On September 27, 1976, Sanidad filed a Prohibition with Preliminary Injunction seeking to
enjoin the Commission on Elections from holding and conducting the Referendum Plebiscite
on October 16; to declare without force and effect Presidential Decree Nos. 991 and 1033,
insofar as they propose amendments to the Constitution, as well as Presidential Decree No.
1031, insofar as it directs the Commission on Elections to supervise, control, hold, and
conduct the Referendum-Plebiscite scheduled on October 16, 1976. Petitioners contend that
under the 1935 and 1973 Constitutions there is no grant to the incumbent President to
exercise the constituent power to propose amendments to the new Constitution. As a
consequence, the Referendum-Plebiscite on October 16 has no constitutional or legal basis.

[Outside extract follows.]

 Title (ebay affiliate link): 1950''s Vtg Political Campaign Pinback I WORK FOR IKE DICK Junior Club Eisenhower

The Soc-Gen contended that the question is political in nature hence the court cannot take
cognizance of it.

ISSUE: Whether or not Marcos can validly propose amendments to the Constitution. (YES)

RULING: The amending process both as to proposal and ratification raises a judicial
question. This is especially true in cases where the power of the Presidency to initiate the
amending process by proposals of amendments, a function normally exercised by the
legislature, is seriously doubted. Under the terms of the 1973 Constitution, the power to
propose amendments to the Constitution resides in the interim National Assembly during the
period of transition (Sec. 15, Transitory Provisions). After that period, and the regular
National Assembly in its active session, the power to propose amendments becomes ipso
facto the prerogative of the regular National Assembly (Sec. 1, pars. 1 and 2 of Art. XVI,
1973 Constitution). The normal course has not been followed. Rather than calling the interim
National Assembly to constitute itself into a constituent assembly, the incumbent President
undertook the proposal of amendments and submitted the proposed amendments through
Presidential Decree 1033 to the people in a Referendum-Plebiscite on October 16.

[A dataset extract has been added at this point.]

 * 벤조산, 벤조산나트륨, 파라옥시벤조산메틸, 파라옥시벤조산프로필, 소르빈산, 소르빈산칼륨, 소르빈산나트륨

Unavoidably, the regularity of the procedure for amendments, written in lambent words in the
very Constitution sought to be amended, raises a contestable issue. The implementing
Presidential Decree Nos. 991, 1031, and 1033, which commonly purport to have the force
and effect of legislation are assailed as invalid, thus the issue of the validity of said Decrees
is plainly a justiciable one, within the competence of this Court to pass upon. Section 2
Article X of the new Constitution provides: “All cases involving the constitutionality of a
treaty,
executive agreement, or law shall be heard and decided by the Supreme Court en banc and
no treaty, executive agreement, or law may be declared unconstitutional without the
concurrence of at least ten Members.” The Supreme Court has the last word in the
construction not only of treaties and statutes, but also of the Constitution itself. The
amending, like all other powers organized in the Constitution, is in form a delegated and
hence a limited power, so that the Supreme Court is vested with that authority to determine
whether that power has been discharged within its limits.

This petition is however dismissed. The President can propose amendments to the
Constitution and he was able to present those proposals to the people in sufficient time. The
President at that time also sits as the legislature.